In 2007, a variant in the ATP binding cassette transporter 1 (ABCA1) gene was found in the Mexican population, implied in the formation of HDL, which was associated with obesity and T2DM in this population49. A recent study confirmed an in vitro functional effect of the variant studied (R230C, rs9282541)50; likewise, the LPL gene was also associated to dyslipidemia, with RI51. The Calpain 10 genes (CAPN10) have been originally identified through linkage studies associated with T2DM and obesity; variants were associated to subclinical atherosclerosis and factors determining a pre-diabetic phenotype in a non-diabetic Mexican-American population. In Chilean individuals, the polymorphism pro72Arg of the TP53 gene was associated with coronary disease in a study of cases and controls; however, this association is suggested to be confirmed with a population study52. Moreover, in a population from the Colombian northeast, variants of uncoupling proteins 1, 2, and 3 and their haplotypes conferred risk for T2DM53. In addition, studies indicate that the effect of polymorphisms on the risk of T2DM and CVD related to insulin resistance depends on the clinical characteristics of the individuals, including body weight and age of onset of the disease54.

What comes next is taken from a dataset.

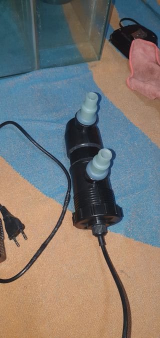 Lámpara UV de la marca JEBO, modelo UV-H9, diseñada para acuarios. Incluye su transformador. - Cuerpo negro. - Conexiones para manguera.

Role of the ancestry component in etiology of metabolic syndrome

In studies conducted to determine the hereditary burden of MS and its associated traits, it was reported that MS is most frequent in Hispanics compared to Afro-Americans or non-Hispanic Whites in the USA55. Also, the prevalence of the different components of MS reveals ethnic differences, HTA is most frequent among African Americans and West Africans than among Europeans56; dyslipidemia is most frequent among Europeans, the Black population has favorable lipid profiles in spite of having greater risk of obesity and hypertension57, and T2DM is more prevalent among Amerindians58. Recently, in Puerto Rico, with an admixed population, the African ancestry correlated positively with the prevalence for hypertension59. Furthermore, fasting glucose was greater among Hispanics in comparison to Afro-Americans and non-Hispanic Whites in the USA60. As can be noted, differences exist among the ancestral continental populations of Latin American populations like the Colombian population (Amerindian, European, and African). The combinations of the gene variants, the environmental factors, and the demographic history are different among the diverse ancestral populations; hence, when seeking to study the etiology of MS in admixed populations it is important to adjust by ethnicity, given that it has been found that the association presented may be due to ethnicity and not to the status of the disease because of the difference in ancestral composition in case groups and controls.

In conclusion, obesity and the metabolic alterations generated by MS are explained by the interaction of multiple genetic and environmental predisposing factors. Particularly, the genetic etiology of these diseases shows concurrence in an individual from the combination of multiple variants and ancestral determinants predisposing to the phenotype. Consequently, research inquiring on the etiology of MS, as a disease of complex genetics must comprehensively consider genetic aspects like the variants in candidate genes, the ancestral genetic composition; environmental aspects like food intake and the degree of physical activity and individual characteristics like gender, age, body composition, and family antecedents of disease.

Conflict of interest

The authors declare having no conflicts of interest in the publication of this article.


We thank the financial support of the Sustainability Strategy 2011-2012 of the University of Antioquia.